WALKING TOUR

Les Champs Elysées

Avenue des Champs Elysées

Your visit will start from the Arc-de-Triomphe to admire the iconic two-kilometre perspective of the Champs Elysées.
Then you will walk down to the Elysée Palace to join the place de la Concorde, where a tragic event took place when
Louis XVI was guillotined on 21 January 1793 and with him the fall of the monarchy.
Then you will continue to walk by crossing the Tuileries Gardens to reach the square courtyard of the Louvre museum.

Duration : 3 hours.
Recommended to those who desire to walk in a cultural way.
Rate : €260

L'Opéra Garnier

Garnier Opera and Place Vendome

An extravagant structure conceived by architect Charles Garnier, this Opera house was a prominent meeting place for Parisian high-society in the latter half of the 19th century.
The Garnier Opera was a major player where ladies made and unmade the fashion and gentlemen handled business.
After visiting the Interior of the opera house you will move to the nearby Place Vendome, the heart of French jewellery.

Duration : 3 hours.
Recommender to music lovers and small and great history fans.
Rate : €260

Notre Dame de Paris

Île de la Cité

A beautiful “walk-stroll” for the pleasure of discovering the historical birth place of the city of Paris. The visit includes 3 places: Notre Dame Cathedral (does not include climbing the towers). Then walking you will reach and visit the Ste Chapelle with its famous stained-glass windows from the 13th century and the Conciergerie jail where queen Marie-Antoinette was imprisoned before she was beheaded during the French Revolution.

Duration : 3 hours.
For the ultimate history enthusiasts.
Rate : €260

Le Quartier du Marais

Marais district

The Marais district gets its name from its location: once a marshland (‘marais’), it has been inhabited ever since it was drained back in the 12th century. Since the 16th century, the pure air attracted King Henri IV who created one of the finest square in Paris, the well-proportioned square known as Place des Vosges. As a result, the aristocracy built several private mansions and gardens dating from the 17th and 18th centuries. In the 19th century, the district became a shelter for the Ashkenazi Jewish families fleeing persecutions in Eastern Europe. Consequently, you can observe many features of the Jewish culture such as Kosher food stores and synagogues. This quarter is also well worth exploring for its old-world atmosphere and its offbeat and trendy shops and restaurants.
There are plenty of gay-owned bars, shops and clubs in the Marais, as it is France’s biggest gay district.

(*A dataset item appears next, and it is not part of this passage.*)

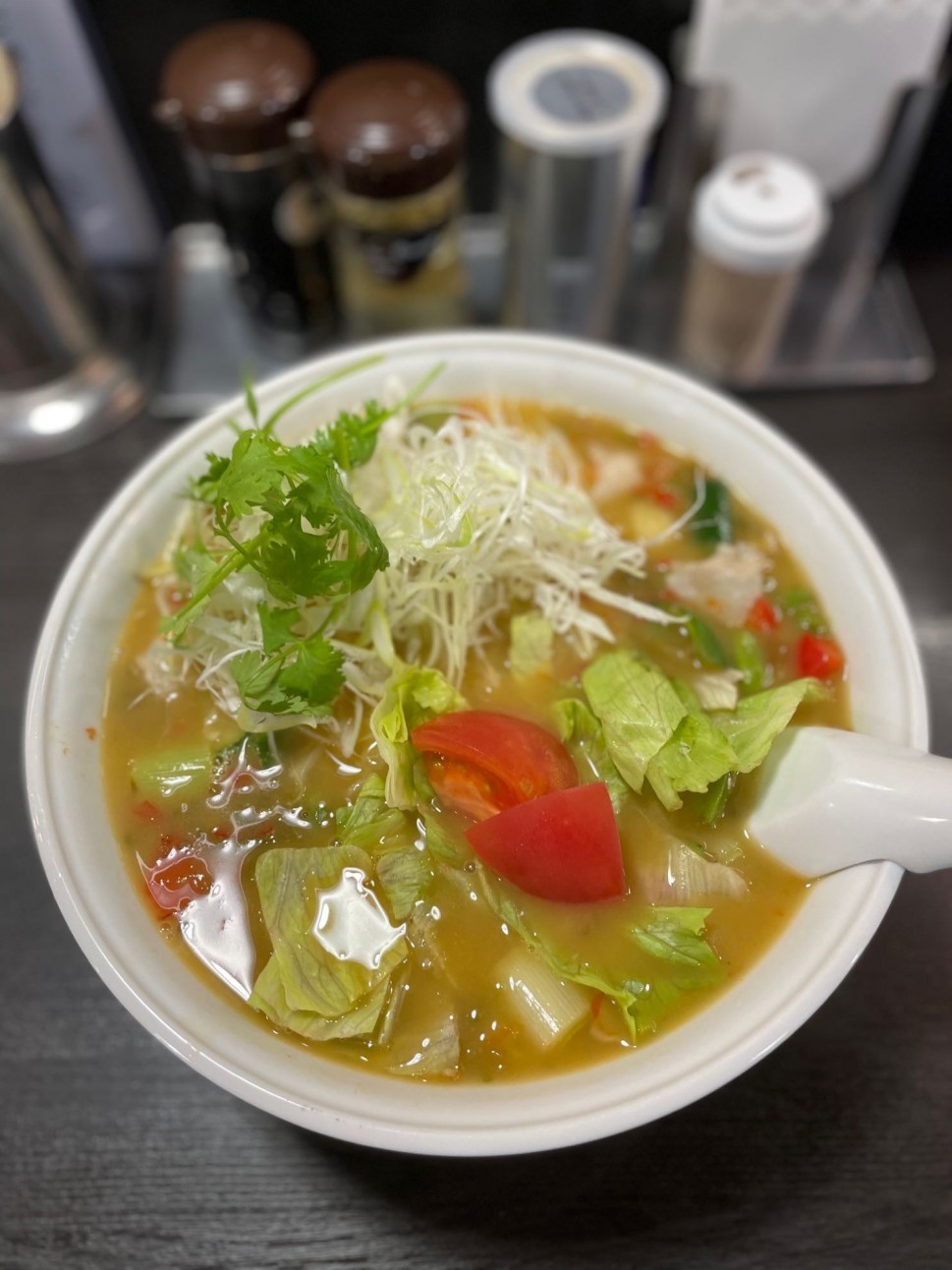 レタス•トマト•キュウリ•ねぎ等々青唐辛子がたっぷり入った、見た目はすっきり爽やかからの〜びっくり激辛麺🤣

This area remains very authentic.
Walking tour 3 hours.
Rate : €260

Montmartre

Montmartre hill

Paris is often called the city of a hundred villages and it is perhaps in Montmartre you will have the best feeling of being in a village.
Visit to the Sacré-Coeur basilica, the St Peter of Montmartre church, the oldest church in Paris.
Walk through the picturesque lanes around this historic area, strolling the Place du Tertre and its famous caricaturists, the Montmartre grapevines and the places of remembrance
of the impressionist and avant-garde painters.

Duration : 3 hours.
A beautiful promenade in the Bohemian Paris
Rate : €260

Le Panthéon

Latin quarter-Left Bank

From the first schools established during the Middle Ages until the free-thinking existentialist philosophers, the Latin Quarter has been the intellectual centre of Paris.
At the sanctuary of Pantheon visit the tombs of eminent French personalities who made the history of the French Republic.
Walking tour in the Sorbonne University area (founded around 1150, it is the oldest university in France), Luxembourg gardens and then continue the walk in the Latin Quarter lanes, the last vestiges of the Middle Ages in Paris.

Duration 3 hours.
To get deeper knowledge of the French mind.